La seule catégorie immédiatement affectée est celle des métiers dont les revenus sont directement liés au chiffre d’affaire facturé à des clients. La poursuite de nombreuses activités étant impossible du fait des règles du confinement, des millions d’indépendants et dirigeants de petites entreprises, d’artisans, de travailleurs à domicile, de restaurateurs et autres commerçants ont perdu tout ou partie de leurs chiffres d’affaires. L’État déploie un catalogue de mesures pour les aider à traverser l’orage : prêts garantis par l’État (sous condition d’une cote minimale de 5+ à la Banque de France), aide de solidarité de 1 500 euros (pour ceux dont le bénéfice imposable 2019 était inférieur à 60 000 euros), remboursement des employeurs par les Urssaf de 80% des heures payées mais non effectuées, report quasi-systématique du paiement des impôts, cotisations sociales, loyers, eau et énergie…

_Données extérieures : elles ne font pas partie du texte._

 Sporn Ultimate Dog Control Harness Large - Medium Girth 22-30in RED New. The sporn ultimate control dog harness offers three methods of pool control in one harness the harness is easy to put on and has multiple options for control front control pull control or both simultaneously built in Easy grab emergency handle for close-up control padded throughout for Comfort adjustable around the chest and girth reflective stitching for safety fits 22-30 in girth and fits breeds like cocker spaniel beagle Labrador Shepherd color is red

Bilan de cette revue rapide : plus de 35 millions d’adultes ne diminuent pas leurs revenus dans cette période, mais consomment moins que d’habitude, thésaurisant souvent ces économies forcées ; une douzaine de millions d’actifs doivent la continuité de leurs revenus aux dispositifs d’urgence activés par l’État.

Toutes les interventions de l’État visent à restaurer le monde d’avant

Un examen critique des dispositifs mis en œuvre pour faire face à l’urgence révèle quelques effets pervers.

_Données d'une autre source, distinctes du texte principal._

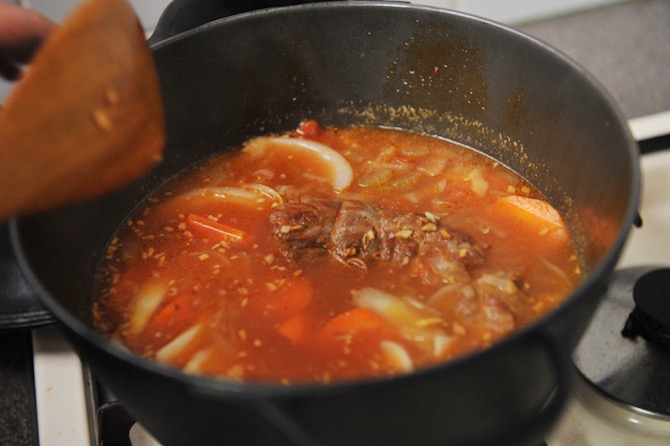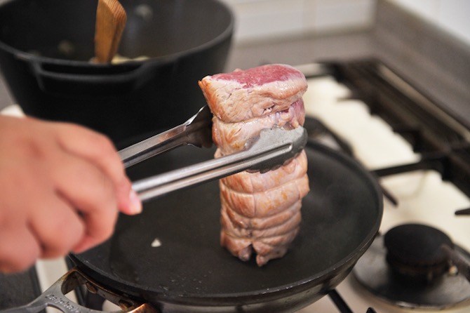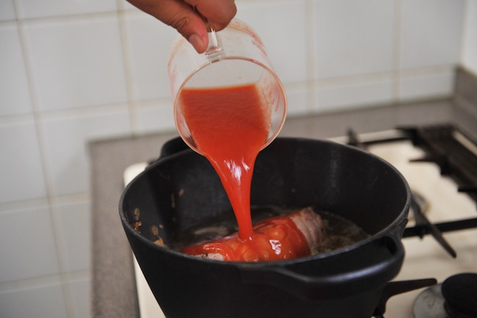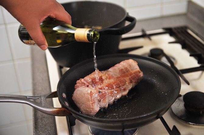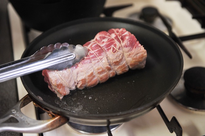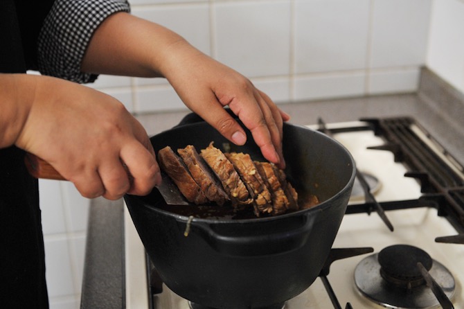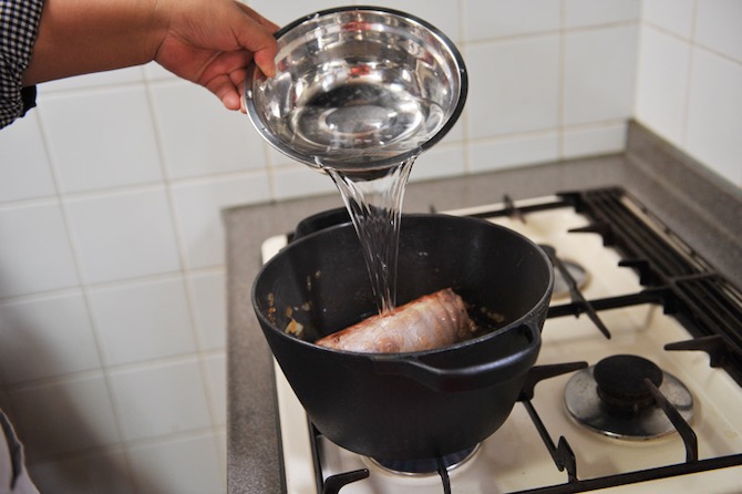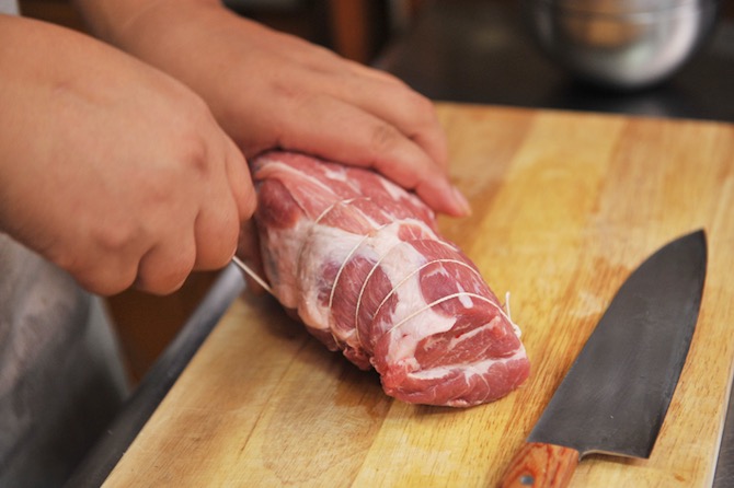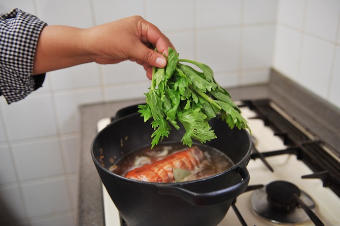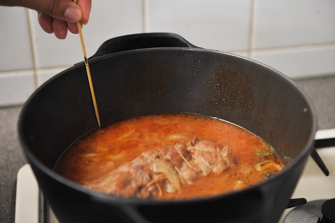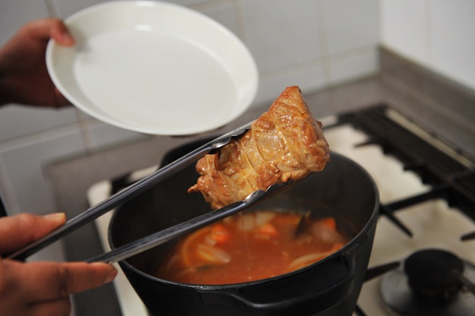 ポイントは、お肉をかたまりでゆでて、いったん引きあげ、

Tout d’abord, la logique du « chômage partiel » permet à un employeur de transférer à l’État la charge des salaires, arguant de la diminution voire de la disparition temporaire d’activité. Vu les circonstances, les DIRECCTE (directions régionales des entreprises, de la concurrence, de la consommation, du travail et de l’emploi) ne sont pas en mesure de vérifier les quelques 10 millions de dossiers de demandes, mais assurent qu’un contrôle sera effectué a posteriori. Nombre de salariés sont donc invités par leur employeur à rester sagement chez eux, à ne pas utiliser leur e-mail professionnel pour ne pas fournir de preuves à une DIRECCTE zélée qui voudrait démontrer que tel ou tel a poursuivi ses activités professionnelles alors qu’il était officiellement en chômage partiel.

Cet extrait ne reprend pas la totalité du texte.